NLP Analysis

This endpoint provides natural language processing (NLP) analysis on the uploaded text data, covering named entity recognition, text similarity, language detection, text classification, sentiment analysis, keyword extraction, topic modeling, and text summarization.

Endpoint: `POST /nlp-analysis`

Request Parameters

File Upload

file (required): The file containing the text data to be analyzed. Supported formats include CSV.
text_column (required): The name of the column containing the text data.
analysis_type (optional): The specific type of analysis to perform (ner, similarity, language, classification, sentiment, keywords, topics, summary).
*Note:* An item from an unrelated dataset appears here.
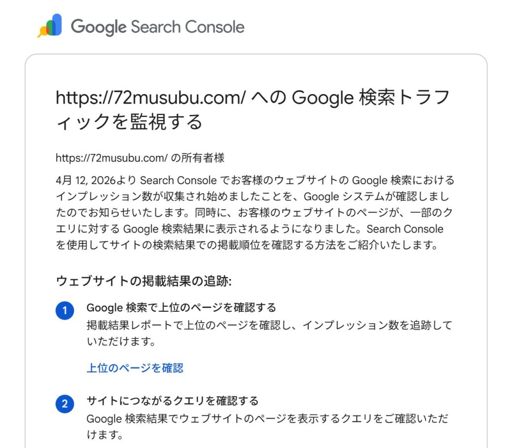 これ、実はGoogleの検索に自分のブログが載り始めたというお知らせでした。
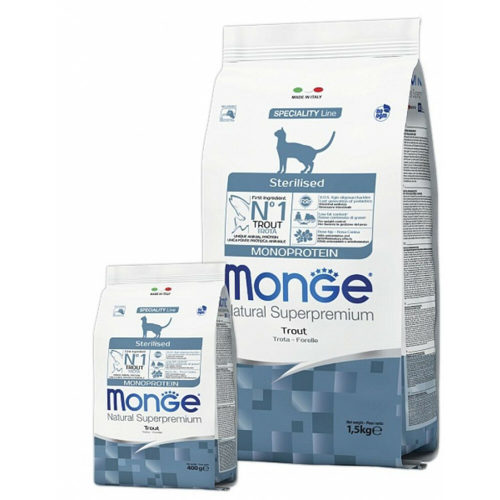 Сухой корм Monge Cat Monoprotein Sterilised Trout для стерилизованных кошек, с форелью, 1,5 кг

If omitted, all analyses will be performed.
num_keywords (optional, default=5): The number of keywords to extract during keyword extraction.
num_topics (optional, default=3): The number of topics for topic modeling.
summary_length (optional, default=3): The number of sentences in the text summary.

Example Request

curl -X POST "http://localhost:8000/nlp-analysis" \
-F "file=@data.csv" \
-F "text_column=review" \
-F "analysis_type=sentiment"

Analysis Components

Named Entity Recognition (NER): Identifies entities like organizations, people, locations, dates, and products.
Text Similarity: Calculates cosine similarity between text samples.
Language Detection: Detects the language of the text data.
Text Classification: Classifies text as positive, negative, or neutral based on sentiment scores.
Sentiment Analysis: Uses VADER to analyze sentiment scores (positive, negative, neutral, compound).
Keyword Extraction: Extracts keywords based on term frequency.
Topic Modeling (LDA): Discovers topics and related keywords from the text.
Text Summarization: Generates a brief extractive summary of the text data.

Example Response

{
  "results": {
    "ner": {
      "ORG": ["Google"],
      "PERSON": ["John"],
      "GPE": ["France"],
      "DATE": ["2023"],
      "PRODUCT": ["iPhone"]
    },
    "similarity": [[1.0, 0.5], [0.5, 1.0]],
    "language": ["en", "fr"],
    "classification": ["positive", "negative"],
    "sentiment": [
      {"neg": 0.1, "neu": 0.7, "pos": 0.2, "compound": 0.25},
      {"neg": 0.4, "neu": 0.5, "pos": 0.1, "compound": -0.4}
    ],
    "keywords": ["product", "quality", "service"],
    "topics": [
      {"topic": 1, "keywords": ["product", "service", "quality"]},
      {"topic": 2, "keywords": ["price", "value", "cost"]}
    ],
    "summary": "The product quality is excellent, but the price is high."
  }
}